Something was going on at Las Vegas Sands’ Singapore resort. Now the casino operator has hired a legal consulting firm to probe cash transfers.

According to a Bloomberg report, Marina Bay Sands (MBS) had hired Davinder Singh Chambers LLC to check employee transfers to third parties. It involves over a billion dollars in gamblers’ cash.

Just a few months ago, Sands reached an out-of-court settlement with Wang Xi, a former MBS high-roller. He sued the company over a transfer of his funds to the tune of SG$9.1m (US$6.6m) without authorization. The company said it had letters bearing Wang’s signature.

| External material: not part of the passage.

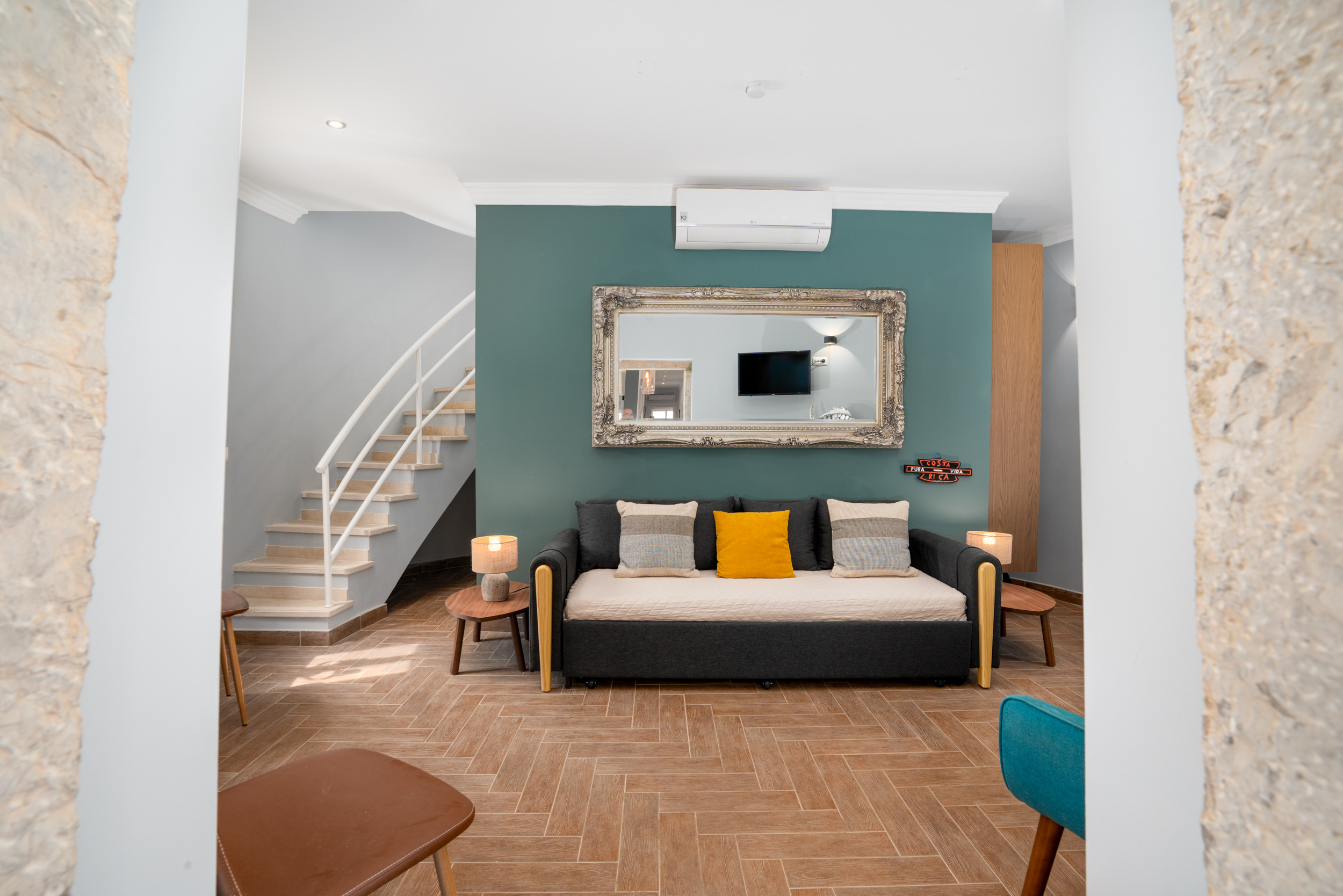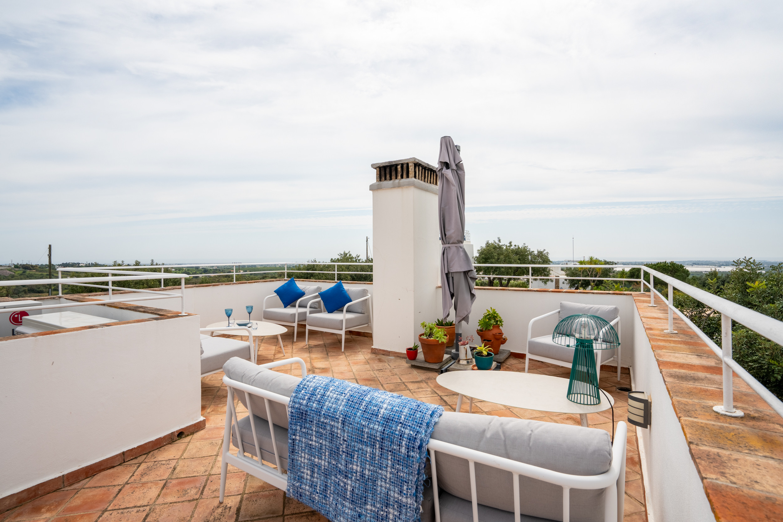 RÉS-DO-CHÃO – Ao entrar através da entrada privada com portão, um corredor espaçoso recebe-o calorosamente, com quartos ramificando-se em ambos os lados. Posicionado convenientemente para aqueles que preferem acomodações no rés-do-chão, um quarto com duas camas espera à esquerda, enquanto um quarto de casal aguarda à direita. Seguindo em frente, encontrará a luminosa e arejada sala de estar e sala de jantar combinadas, oferecendo um refúgio do sol e vistas cativantes. Aqui, pode relaxar ou desfrutar de uma experiência de jantar sofisticada na grande mesa de madeira acompanhada por cadeiras correspondentes. Adjacente à sala de estar e sala de jantar, a cozinha totalmente equipada transita harmoniosamente para um terraço superior de refeições ao ar livre, sombreado e convenientemente posicionado junto a um tradicional churrasco e um balcão de preparação de alimentos. Este espaço é perfeito para almoços descontraídos e para abraçar as maravilhosas vistas que se estendem sobre os telhados de Tavira, alcançando majestosamente o mar.

Apparently, such transfers of are commonplace in the Asia-Pacific casino market. It is exacerbated junket operators. It forces Singapore’s Casino Regulatory Authority (CRA) to step in.

Sands launched an internal probe after the CRA expressed interest in the Wang case. Then they uncovered over 3,000 instances of fund transfers between MBS customer accounts and third parties. It came to some SG$1.4b.

Some of the staff were handing SG$763m in transfers, leading the CRA to find weaknesses in MBS’ casino control measures.

The US Department of Justice had subpoenaed a former MBS compliance chief in June regarding suspected “money laundering facilitation”. The result was a hefty $7m penalty against Sands’ Asian operations.

In other Sands news, founder and CEO Sheldon Adelson is said to be spending between $20m and $50m to boost Donald Trump in his 2020 campaign. Most of the donations will go to a Preserve America, a pro-Trump political action committee. But some speculate that Adelson will not in fact dole out the funds.